Work task: Without copying any picture, return all lines below exactly.

Given data:
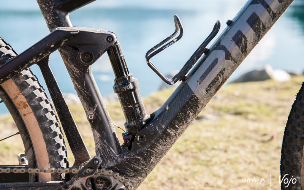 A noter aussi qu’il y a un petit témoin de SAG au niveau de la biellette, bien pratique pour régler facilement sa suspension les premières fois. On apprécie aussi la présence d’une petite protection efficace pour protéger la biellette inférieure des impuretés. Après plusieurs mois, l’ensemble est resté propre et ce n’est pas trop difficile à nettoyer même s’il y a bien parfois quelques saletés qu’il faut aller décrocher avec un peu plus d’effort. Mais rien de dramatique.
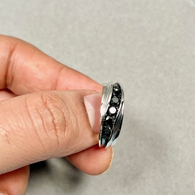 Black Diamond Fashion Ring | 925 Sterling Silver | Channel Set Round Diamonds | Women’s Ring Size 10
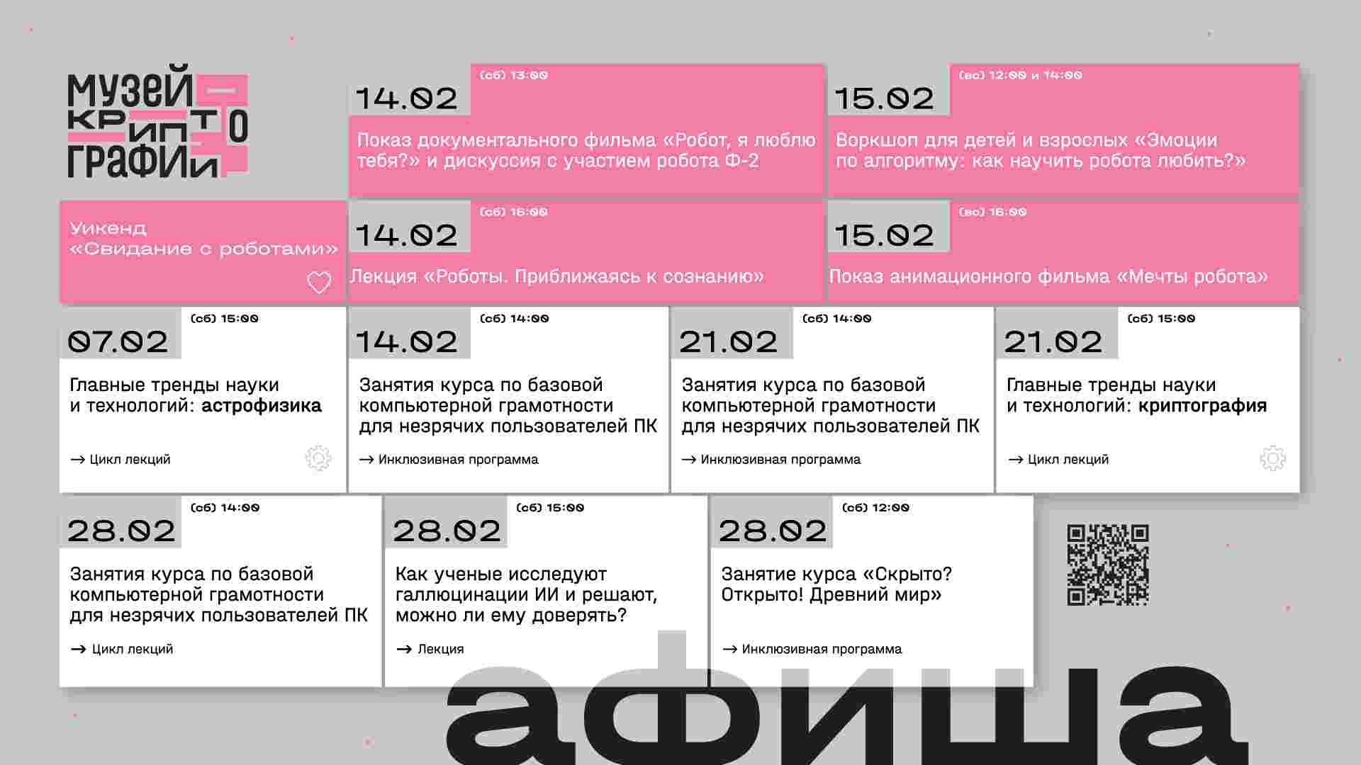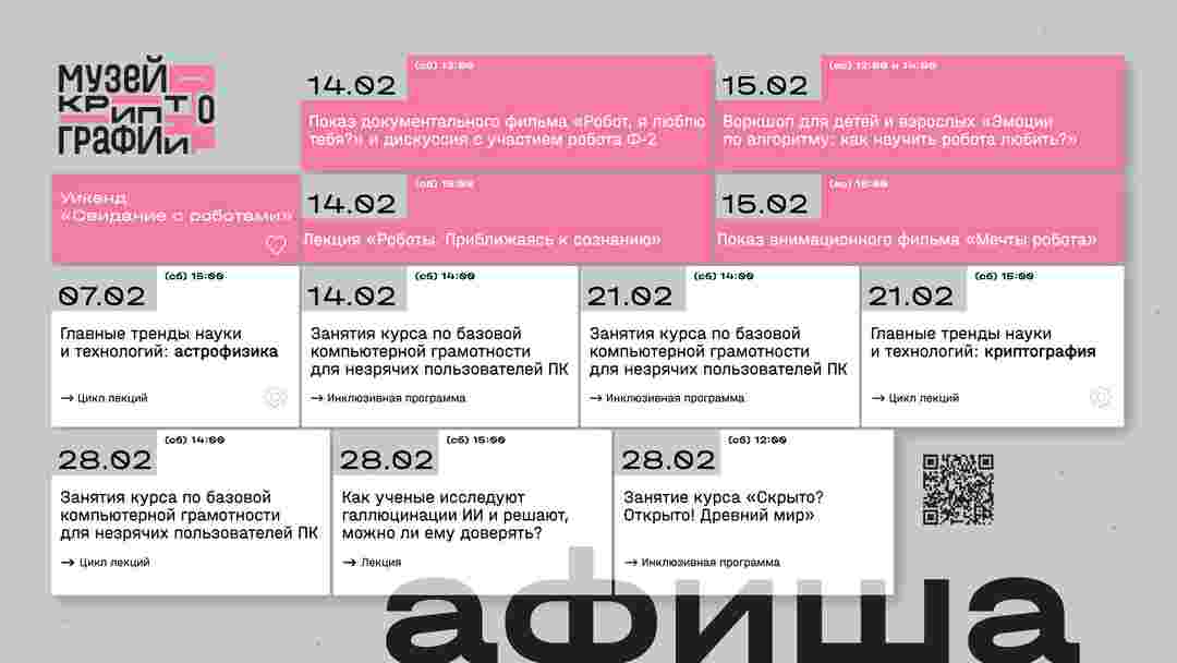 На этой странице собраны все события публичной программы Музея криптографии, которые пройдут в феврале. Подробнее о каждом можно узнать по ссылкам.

Task solution:
 A noter aussi qu’il y a un petit témoin de SAG au niveau de la biellette, bien pratique pour régler facilement sa suspension les premières fois. On apprécie aussi la présence d’une petite protection efficace pour protéger la biellette inférieure des impuretés. Après plusieurs mois, l’ensemble est resté propre et ce n’est pas trop difficile à nettoyer même s’il y a bien parfois quelques saletés qu’il faut aller décrocher avec un peu plus d’effort. Mais rien de dramatique.
 Black Diamond Fashion Ring | 925 Sterling Silver | Channel Set Round Diamonds | Women’s Ring Size 10
 На этой странице собраны все события публичной программы Музея криптографии, которые пройдут в феврале. Подробнее о каждом можно узнать по ссылкам.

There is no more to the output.